Internet cafes, or places that run online sweepstakes games, have gotten a bad reputation lately. Opponents say they prey on the elderly and the poor and some have been connected with crime. But more than that, Representative Carlos Trujillo (R-Doral), said Internet cafes are illegal and he’s the sponsor of a bill that would reinforce that.
“The bill clarifies a law already on the books and gives local law enforcement more tools to shut down the illegal gambling. The bill updates the definition of slot machine to the current technology. The bill creates a rebuttal presumption that if it looks like a slot machine, it is a slot machine and it clarifies the current law as to arcades,” Trujillo said.
Internet cafes have been operating in what some call a perceived loophole. Trujillo's bill aims to close that. The measure follows closely on the heels of officials announcing racketeering charges against Internet cafe operator Allied Veterans of the World. But some lawmakers like Representative James Waldman, (D-Coconut Creek) worry the legislature is rushing the proposal.
“This was hurried to the floor. Last week we voted on it in committee. It went to one committee. And the stake holders weren’t even aware, so they weren’t allowed to come and testify,” Waldman said.
Waldman said if the House had been given more time to talk the bill through in committee then concerns about the economic impact or number of jobs that could be affected would have been addressed. Now he said the bill could be passed without lawmakers fully understanding its potential consequences. But Representative Trujillo said he doesn’t think there’s cause for concern.
“I do believe there will be a job lost, but it’s a job lost working in an illegal industry. The same as if law enforcement officers arrest a drug dealer next to a school. His job is lost. For all intents and purposes, his job is lost. But it’s an industry that should not be functioning. It’s an industry that is illegal and it’s an industry that we do not recognize as a state,” Trujillo said.
And while some raised concerns about losing the taxes associated with those jobs, Trujillo said he doesn’t think that would have much of an impact either—though he said he doesn’t know for sure.

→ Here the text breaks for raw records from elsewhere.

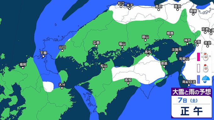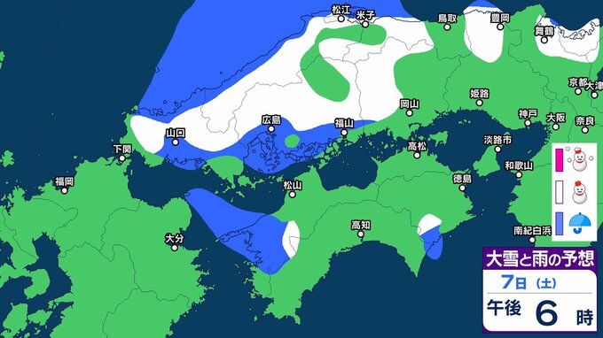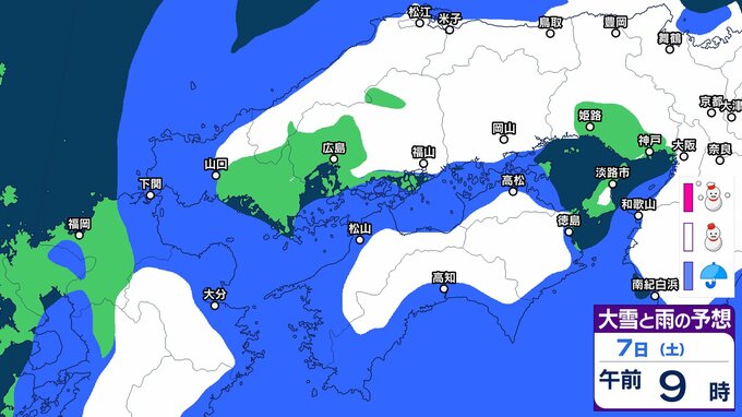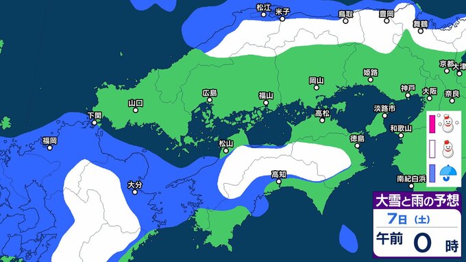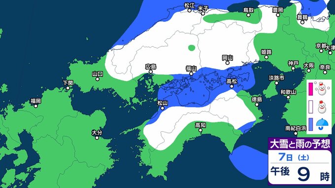 【雪の予想】中国・四国地方の今後の雪は? 広島・岡山・山口・鳥取・島根・香川・愛媛・高知・徳島 2月2日(月)~7日(土)までの雪雨シミュレーション【気象庁 /2日】 RSK山陽放送 2026年2月2日(月) 19:00 国内 天気 7日(土) 2日(月)~7日(土)雪雨シミュレーション画像 ▶2日(月)~7日(土)中国・四国地方の雪雨シミュレーション 予想にはブレ幅があるため、今後の気象情報をこまめに確認してください。
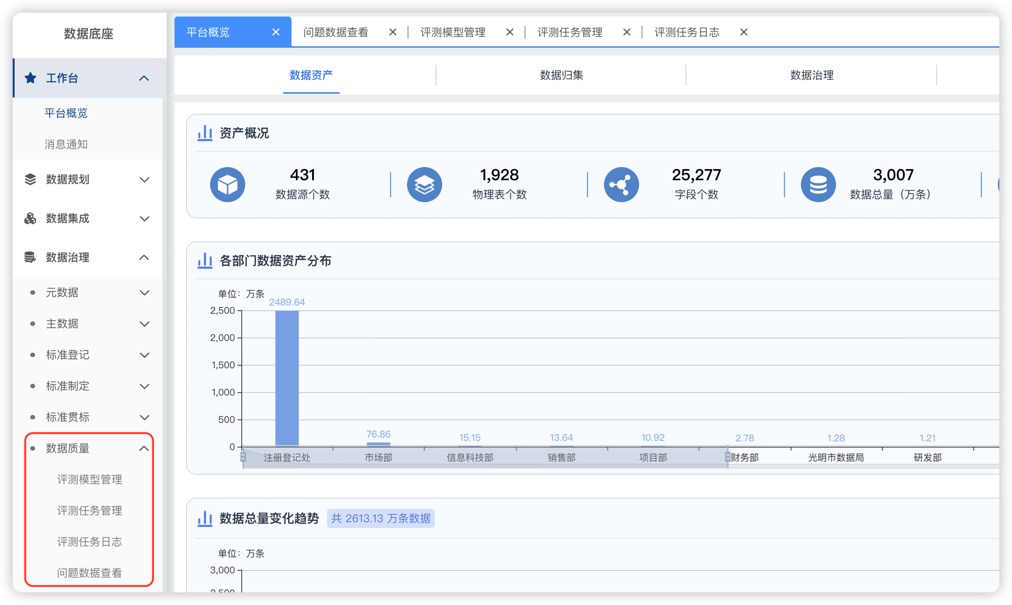 数据治理分析模块新增2大核心功能:「问题数据统计」、「时效性分析报告」模块,助力全面洞察数据质量状况,为决策提供数据支撑。
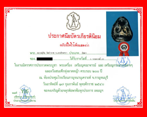 คอยเห็นใบประกาศออกที่ จ.กาญจนบุรี มาใบหนึ่งได้ที่หนึ่งด้วยพระปิตตา แต่ดูพระไม่แท้ครับ ไม่รู้ว่าออกที่เดียวกันหรือเปล่าเห็นมาหลายปีแล้ว
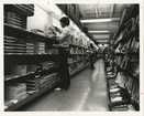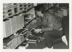Student shelving books at bookstore Clemson University Libraries On back: Bookstore [1980s] [01-87] P. 6 . 2
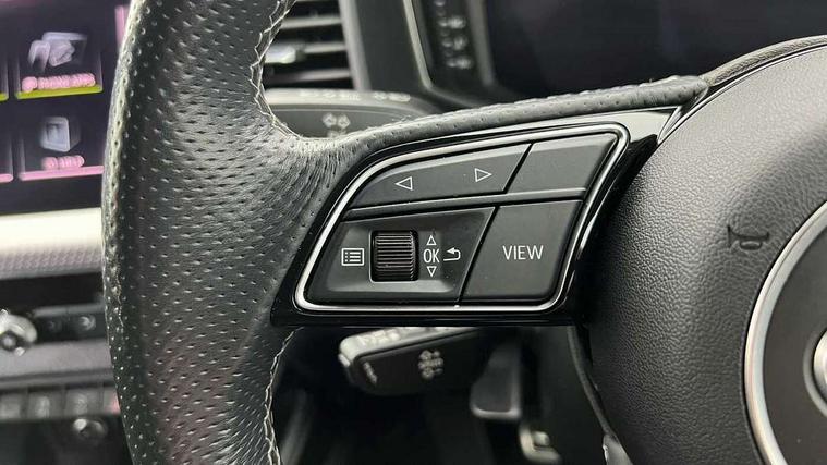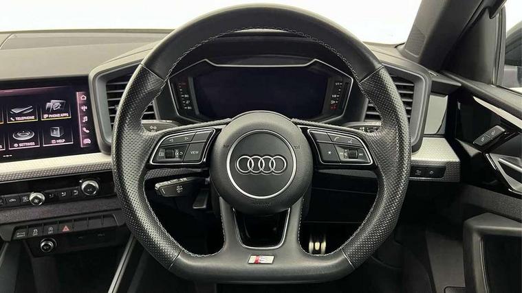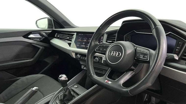 10.25" Digital instrument cluster display classis style instrument dials + speed, odometer, time, outside temperature, telephone menu + fuel level warning, Audi drive select - power steering assistance + engine, Audi smartphone interface with connect compatible smartphone via USB directly MMI display + Nav, music, third party apps controlled via MMI controller, Automatic start/stop system, Bluetooth interface, Cruise control, Driver's information system, Electromechanical power steering, Emergency e-call, Lane departure warning system, Rear parking sensor, Service interval indicator, Speed limiter, Voice control system, Washer fluid level indicator, Sports suspension, 2 x USB type C connection points, 6 passive loudspeakers, DAB Digital radio, MMI radio plus with 10.1" colour MMI display screen and MMI touch, Auto dimming rear view mirror, Black side skirts, Body coloured bumpers, Door sill trims with aluminium inlays and logo, Electric front and rear windows, Electrically adjustable, heated, folding door mirrors with integrated LED side indicator, Front side air inlets in grained matt black and C frame in anthracite black, Front wing badges, Heat insulating glass windscreen and side windows, Heated rear windscreen, High level LED brake light, LED headlights with LED rear lights + dynamic rear indicators + headlight adjustment and high beam, turning light + LED daytime running lights, Privacy glass, Rain and light sensors, Rear fog lights, Rear side wing doors, Rear wiper, Side front spoiler lips in grained matt black, 12V socket in centre console with two cup holders, 3 rear seats with headrests, 3 seat bench in 2nd row, 3 spoke flat bottomed multi-function plus leather steering wheel with S badging, grips in preforated leather and contrast stitching, 40:60 Split folding rear seat or folded fully, Black cloth headlining, Driver and passenger seat with manual height adjust with forward and backwards adjustment, Front and rear black floor mats with contrast stitching in fine silver, Front head restraints, Front passenger seat, Height and reach adjustable steering wheel, ISOFIX child seat mounting for front passenger and outer rear seats including top tether attachment point of outer rear seats, Leather gear knob with aluminium trim, Leatherette handbrake grip, Luggage compartment light with front and rear reading lights, Manual air conditioning, Manually adjustable lumbar support in front seats, Stainless steel pedals, Black styling pack - A1 Sportback Black Edition, LED interior lighting pack - A1, Luggage compartment pack - A1, 3x3 point rear seatbelts, Audi pre-sense front with pedestrain and cyclist recognition, Brake assist function, Driver and front passenger airbag with front side and head airbags, Electronic Stability Control including ABS, EBD, ASR and EDL, Front passenger airbag deactivation switch, Hill hold assist, Manual rear child locks, Seatbelt height adjustment for front seats, Seatbelt monitoring, Tyre pressure warning light, Warning triangle and first aid kit, Anti theft alarm, Anti theft wheel bolts and loose wheel warning, Immobiliser, Remote central locking with 2 foldaway keys, Aluminium trim for control switches, air vents and digital instrument cluster, Black dashboard, Silver grey inlays polygon structure in diamond paint finish, Structured grey accent areas including air vents, door handle recesses and centre console in quartz paint finish,
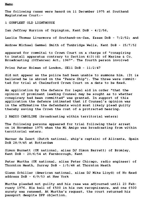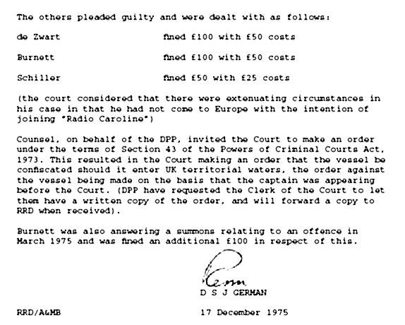 The 11th December, saw a case at Southend Magistrates Court, with charges against members of Radio Caroline and her Captain. All were found guilty and fined. Simon Barrett was fined £200 plus £50 costs, Michael Lloyd was fined £50 plus £25 costs, Captain Werner de Zwart was fined £100 plus £50 costs. Peter Chicago pleaded not guilty and his case was adjourned until 23rd February 1976. Michael Lloyd, an American deejay was ordered to be deported as "an undesirable" for working for Radio Caroline. The Magistrates also made an order that stated if the Mi Amigo returned to British territorial waters she would be impounded. Simon Barratt wrote a book SOS 10 days in the life of a Lady (MRP books 1976) about the events surrounding the Mi Amigo drifting, the Home Office boarding and later court cases.

"But I can tell you based on some of the reports that we’ve seen recently and the hundreds of millions of dollars that have been seized in cash and liquid assets, I find it hard to believe their employees are receiving W2s, they’re doing all their withholdings properly and they’re paying the unemployment compensation tax up here in Tallahassee. It’s just very difficult to imagine that,” Trujillo said.
Others worry about the impact the bill could have on businesses like Chuck E Cheese or Dave and Busters. Trujillo said the intention in not to close those businesses. He said the games played at that type of establishment involve some kind of skill, so they don’t fall under the rules in his bill.
And Truijillo said another difference is that places like Chuck E Cheese don’t give out cash prizes. The measure rolled over to third reading. Meanwhile, a similar bill in the Senate passed its first committee earlier this week.